Here's my favorite, this one is from The Dark Knight.

It's jam-packed with flawlessly designed set-pieces and skullduggery, sure, but it's also shrouded in grim portent, overlaid with a filigree of despair, and, for good measure, covered in a patina of dire consequence.

Wait, so your complaint is that "it's dark"?
 
I hope
Ozymandias lives at the end and Night Owl II and Comedian II visit the mother in law during Christmastime
at the end of the movie.

If there is too much changes as in the leaked script, I shall hate this movie forever
with the Night Owl bit unless Rorschach kills Ozymandias instead if Snyder wants to do something completely different ;)
.
 
Matt_C said:
I hope
Ozymandias lives at the end and Night Owl II and Comedian II visit the mother in law during Christmastime
at the end of the movie.

If there is too much changes as in the leaked script, I shall hate this movie forever
with the Night Owl bit unless Rorschach kills Ozymandias instead if Snyder wants to do something completely different ;)
.

I don't know whether to tell you that the ending is just as you want or it's the same as you fear it shouldn't be...

To keep the curiosity and excitement intact, I'll shush but... If you really want to know...

Ozy lives :)
 
ZealousD said:
Seriously. I see that all the time and it makes me scratch my head.



WHAT DOES THAT EVEN MEAN???



Here's my favorite, this one is from The Dark Knight.



Wait, so your complaint is that "it's dark"?

:lol wtf? its like they pulled out a thesaurus and went crazy.
 
JzeroT1437 said:
I would argue that there's no point to make a filmed version of a novel if your soul purpose is to stay as close to the source material as possible--especially if the source material is a graphic novel already. That's Sin City's ultimate pitfall--anyone who had read the comics had already seen the movie--they just weren't actually moving and required an iota of imagination. The goal of a director taking up a novel should be to make it his own and refine the familiar elements into something that doesn't deviate drastically from the source, but does deviate enough to encapsulate new meaning and relevancy that the original lacked. In essence, the goal should be to take a cliche and provide it a new dimension to make it relevant yet again--restructure the familiar.

From what I've seen thus far, the movie is basically a motion picturebook for people who can't imagine what life would be like between the panels of the comic. I'm excited about it, but I also don't want a shot for shot movie of the comic.
If you're making an adaptation of a certain medium, why would you want to change the source material though? I've read Watchmen three times and I'm excited to just see everything come alive. There's only so much you can get from reading words and looking at the pictures. Seeing them in live action, watching their manurisms, hearing their voices and looking at it from a new perspective is a wonderful thing. Looking over all the script changes, it's embarrassing to think of what the movie would have been like if it had been handled by someone with less respect than Zach Snyder.

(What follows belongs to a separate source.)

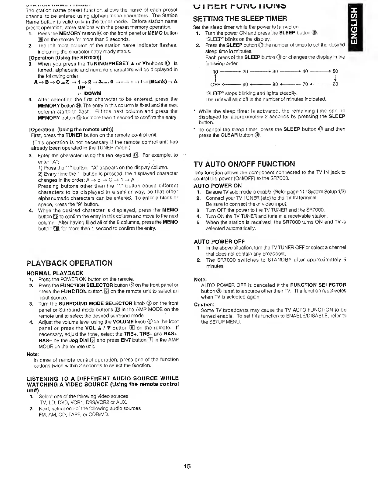 Marantz SR7000 - Listening to the Tuner; Setting the Sleep Timer (Only Remote Control Unit); Tv Auto On;Off Function

There have been plenty of changes to the novel to make it into a movie. Dave Gibbons even drew two extra pages of content, which I thought was a nice thing to do. Sure, you can't make an exact copy. But why not try to get as close as possible? Otherwise, you're just pissing in the wind and you might as well call it something other than Watchmen.
 
quadriplegicjon said:
:lol wtf? its like they pulled out a thesaurus and went crazy.

They remind me of the descriptions of dishes you see on the menu at a fancy restaurant. Just absurdly over-the-top and retarded.
 
JzeroT1437 said:
I would argue that there's no point to make a filmed version of a novel if your soul purpose is to stay as close to the source material as possible--especially if the source material is a graphic novel already. That's Sin City's ultimate pitfall--anyone who had read the comics had already seen the movie--they just weren't actually moving and required an iota of imagination. The goal of a director taking up a novel should be to make it his own and refine the familiar elements into something that doesn't deviate drastically from the source, but does deviate enough to encapsulate new meaning and relevancy that the original lacked. In essence, the goal should be to take a cliche and provide it a new dimension to make it relevant yet again--restructure the familiar.

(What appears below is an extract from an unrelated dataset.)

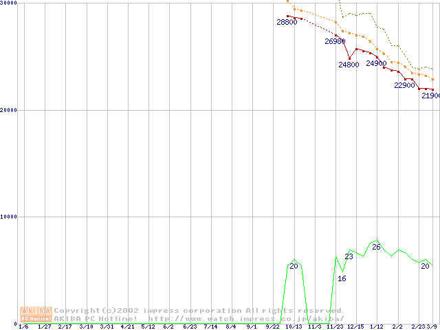 2.5インチHDD主要製品(最安値2万円~3万円未満)の最安値推移

From what I've seen thus far, the movie is basically a motion picturebook for people who can't imagine what life would be like between the panels of the comic. I'm excited about it, but I also don't want a shot for shot movie of the comic.


This is why I like Neil Gaiman. For Stardust he made the comment that he didn't want people to see a film that tried to be to much like the book and failed, and gave the writers his blessing to make it their own.
 
polyh3dron said:
Does anyone know where I can find Blade Runner reviews from 1982 when it first came out?

NYT:

THE view of the future offered by Ridley Scott's muddled yet mesmerizing ''Blade Runner'' is as intricately detailed as anything a science-fiction film has yet envisioned. The year is 2019, the place Los Angeles, the landscape garish but bleak. The city is a canyon bounded by industrial towers, some of which belch fire. Advertising billboards, which are everywhere, now feature lifelike electronic people who are the size of giants. The police cruise both horizontally and vertically on their patrol routes, but there is seldom anyone to arrest, because the place is much emptier than it used to be. In an age of space travel, anyone with the wherewithal has presumably gone away. Only the dregs remain.

''Blade Runner'' begins with a stunning shot of this futuristic city, accompanied by the rumbling of Vangelis's eerie, highly effective score. It proceeds to tell the story of Rick Deckard and his battle with the replicants, a story based on Philip K. Dick's novel ''Do Androids Dream of Electric Sheep?'' In brief: replicants are manmade creatures that possess all human attributes except feelings. They have been built to serve as slaves in Earth colonies that are Off World, i.e., elsewhere. Whenever the replicants rebel, the job of eliminating them is given to a special, skilled hunter. This expert is called a blade runner.

Rick Deckard is the best of the blade runners, now retired. He is as hard-boiled as any film noir detective, with much the same world view. So when he is told, at the beginning of ''Blade Runner,'' that an especially dangerous group of replicants is on the loose, and is offered the job of hunting them, he can't say no. Even in the murkiest reaches of science-fiction lore, a man's gotta do what a man's gotta do.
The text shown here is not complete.